While looking up at the vastness of the nighttime sky, I am always moved by the blackness of space as much as the points of starlight. So much of the universe is empty that the emptiness itself must have meaning. This makes me think of the Via Negativa, or Apophatic approach in theology, wherein we speak of what God is not, rather than by trying to speak of what God is. While both are needed, I have found over the years that this form of theological reflection is generally humbler and often more honest than its positivistic opposite, though it is much more illusive and less immediately comforting. However, like the great vastness of emptiness in space, it can have the oddly satisfying effect of making clear the reality of our own relative importance in something so grand, so mysterious as existence.

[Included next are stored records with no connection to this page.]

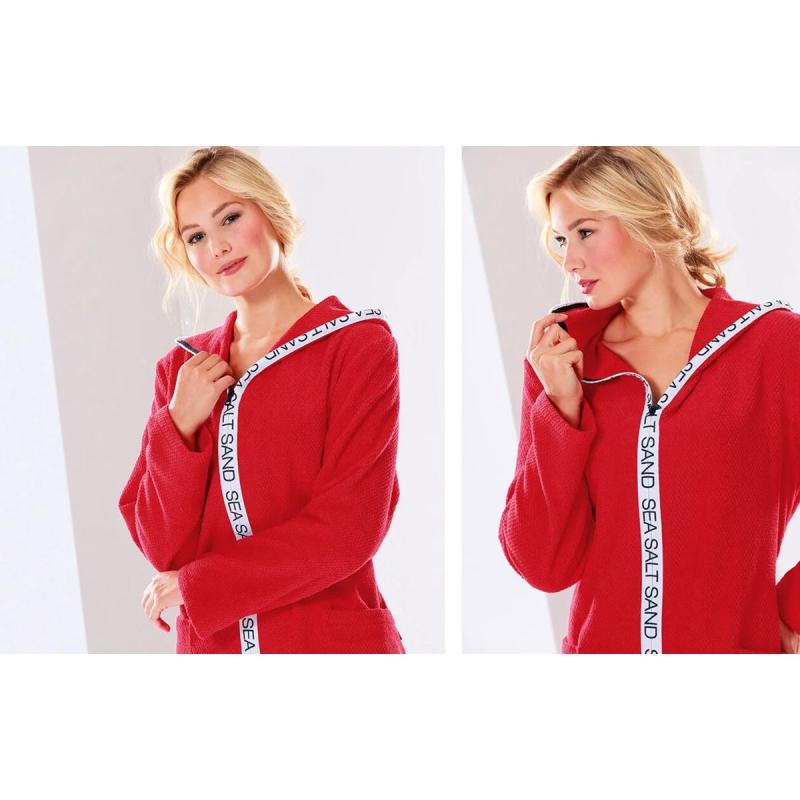 Searching for a high-quality stylish bathrobe? Discover the elegance and comfort of the Cawö Bathrobe Sea Salt Sand 3101-203 with zipper and hood in red.
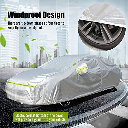 【Konstrukcja wiatroodporna】 –: 【Konstrukcja wiatroodporna】 – Elastyczny sznurek na spodzie pokrowca zapewnia lepsze dopasowanie do samochodu. Na czterech oponach znajdują się również pasy mocujące, które chronią pokrowiec przed wiatrem. Dobrze uszyty dwukrotnie, dzięki czemu pokrowiec jest trwalszy.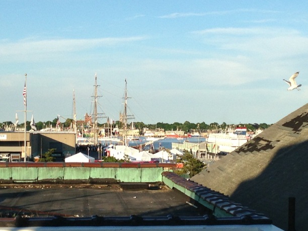 We lucked out on the hotel. Fortunately, the DWM had the forethought to reserve a block of rooms across the street from the state pier, so we could park the car for the weekend and walk just about everywhere we wanted to go. Great! We’re right across the street from the pier… with a handsome old stone building precisely blocking our view of the ship … oh well.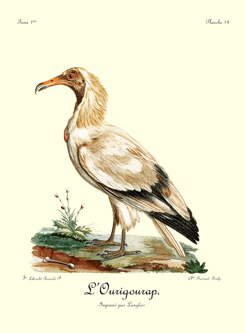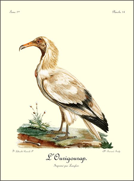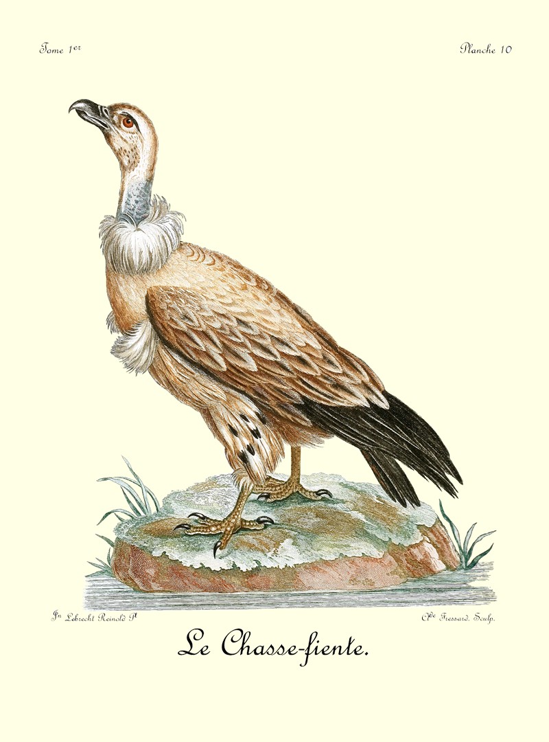Il arrive souvent que des bandes de vautours et de corbeaux, se réunissant, cherchent à saisir le moment favorable pour s’emparer de l’animal que vient d’abattre le Griffard; mais la contenance intrépide et fière de cet oiseau posé sur sa proie, suffit pour tenir à l’écart cette légion de carnivores.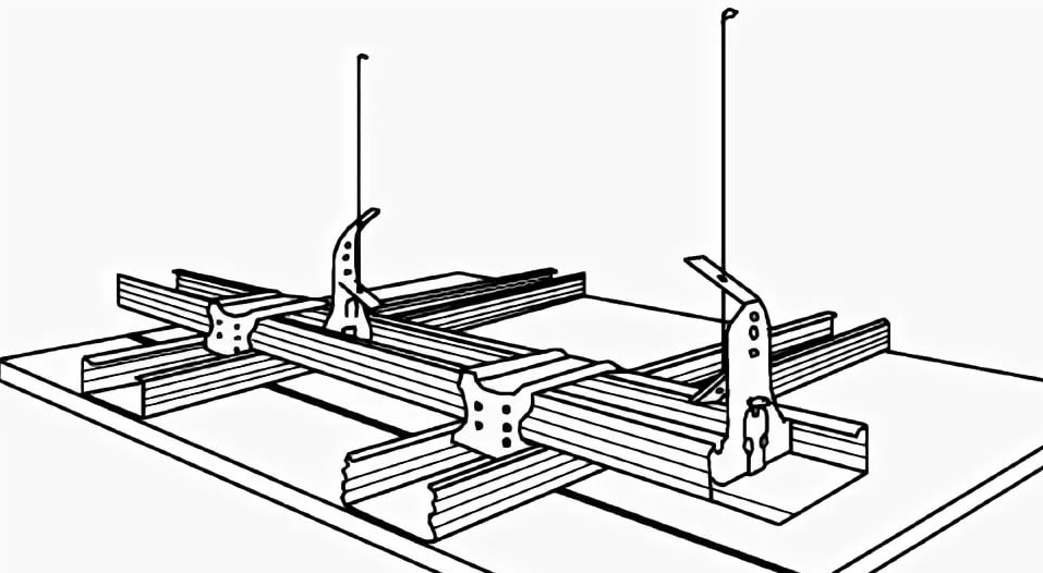 Монтаж потолочной конструкции с применением анкерного подвеса выполняется в помещениях с высокими потолками. В процессе монтажа можно регулировать положение профилей по высоте, т.е. задавать нужную высоту потолка.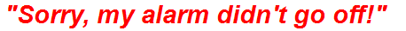 of the phrase. What follows “Sorry, my alarm didn’t go off!”? What is the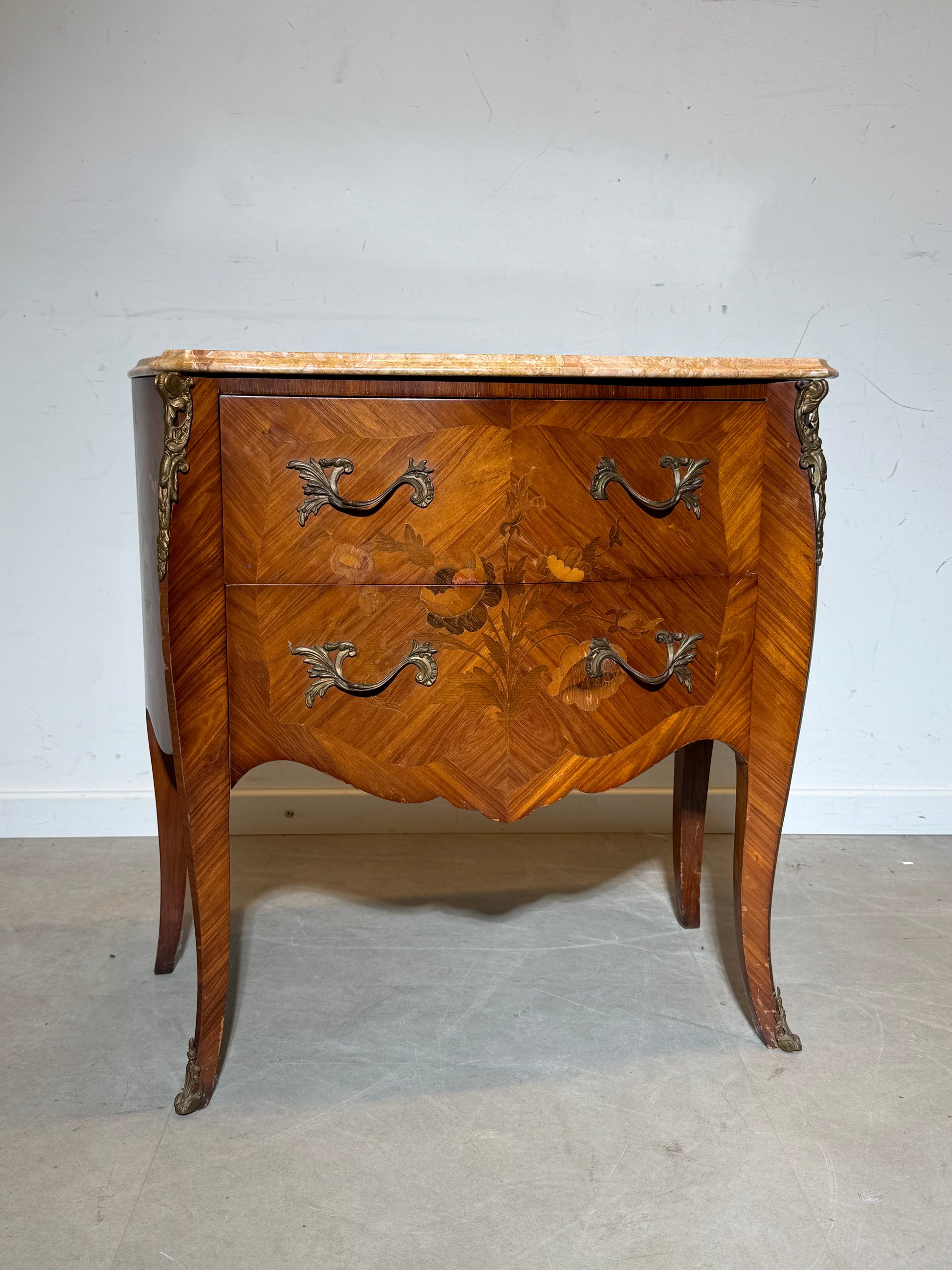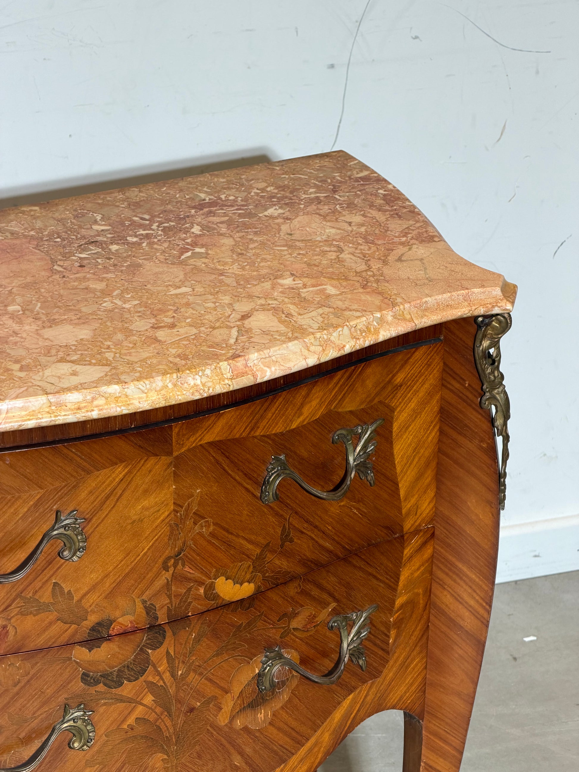 Antique French Marble Top Chest of Drawers – Floral Marquetry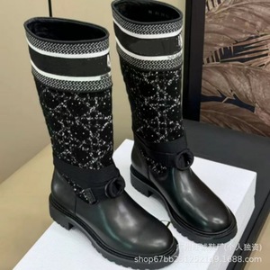高定 易梦玲同款长筒靴刺绣卡其色不过膝真皮复古拼色D家骑士靴女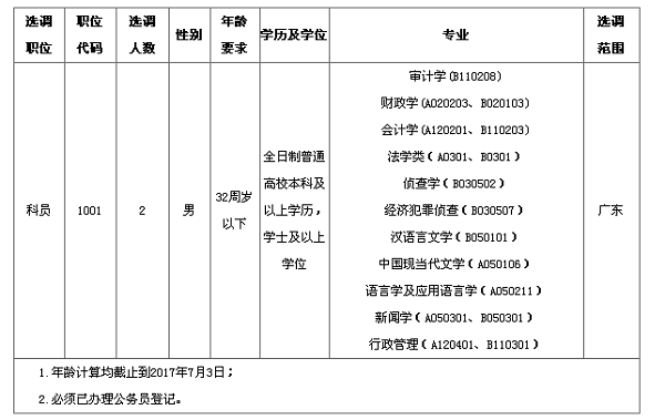 備注:正在試用期的,接受處間或接受審計、紀律審查、司法偵察的,違反計劃生育和有關規(guī)定的,以及具有其他不宜參加公開選調情形的均不列入公開選調對象。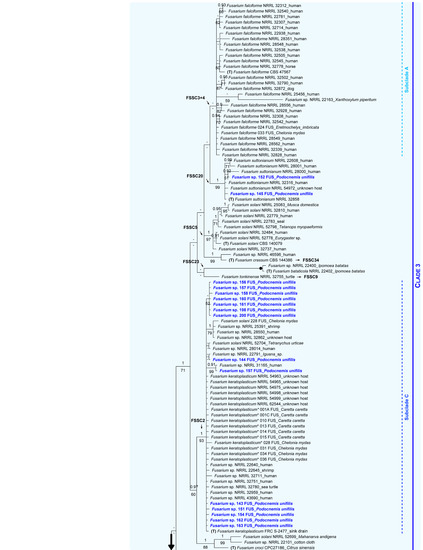 - Geiser, D.M.; Al-Hatmi, A.; Aoki, T.; Arie, T.; Balmas, V.; Barnes, I.; Bergstrom, G.C.; Bhattacharyya, M.K.K.; Blomquist, C.L.; Bowden, R.; et al. Phylogenomic analysis of a 55.1 kb 19-gene dataset resolves a monophyletic Fusarium that includes the Fusarium solani species complex. Phytopathology 2020. [Google Scholar] [CrossRef]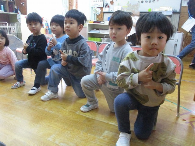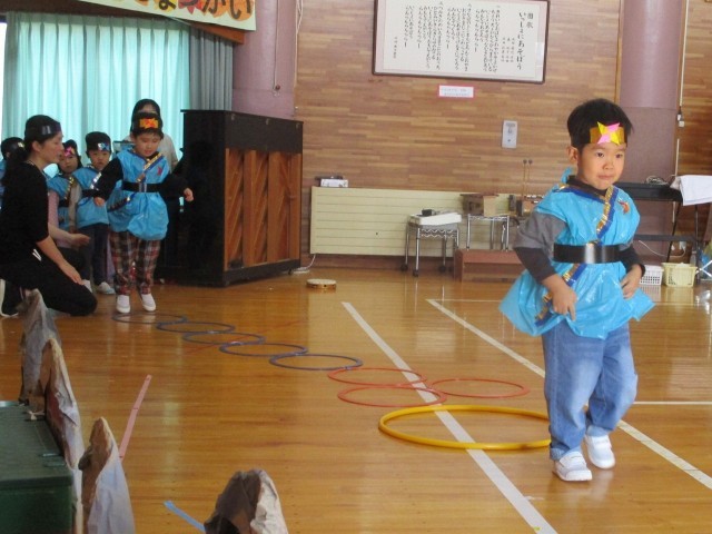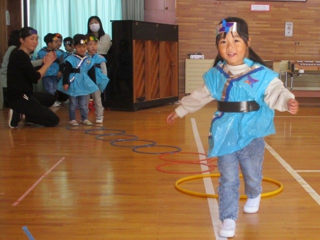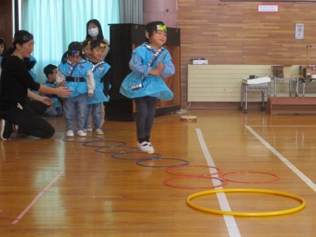 もうすぐ初めての発表会!忍者になって修行を楽しんでいます。いろんなポーズをしたりジャンプをしたり張り切っています。明日は「壁に変身の術、頑張る」「全部、頑張る」など子どもたちなりに頑張りたいことを考えています。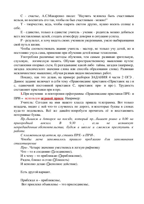 с, одиночной постоянной приставки С, приставок при и пре). Трудность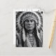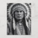 Retrato en blanco y negro de un hombre nativo americano de A.I. con una toga tradicional con plumas.

All of this is expressed quite well in a poem by R.S. Thomas, the Welsh priest and poet:
Via Negativa
Why no! I never thought other than
That God is that great absence
In our lives, the empty silence
Within, the place where we go
Seeking, not in hope to
Arrive or find. He keeps the interstices
In our knowledge, the darkness
Between stars. His are the echoes
We follow, the footprints he has just
Left. We put our hands in
His side hoping to find
It warm. We look at people
And places as though he had looked
At them, too; but miss the reflection.
Call it the “divine darkness” Moses encountered on Sinai, or the “way of negation” practiced by so many of the greatest Fathers and Mystics, but don’t be afraid to look into the emptiness between the stars. That is the space left for wonder, possibility, and faith.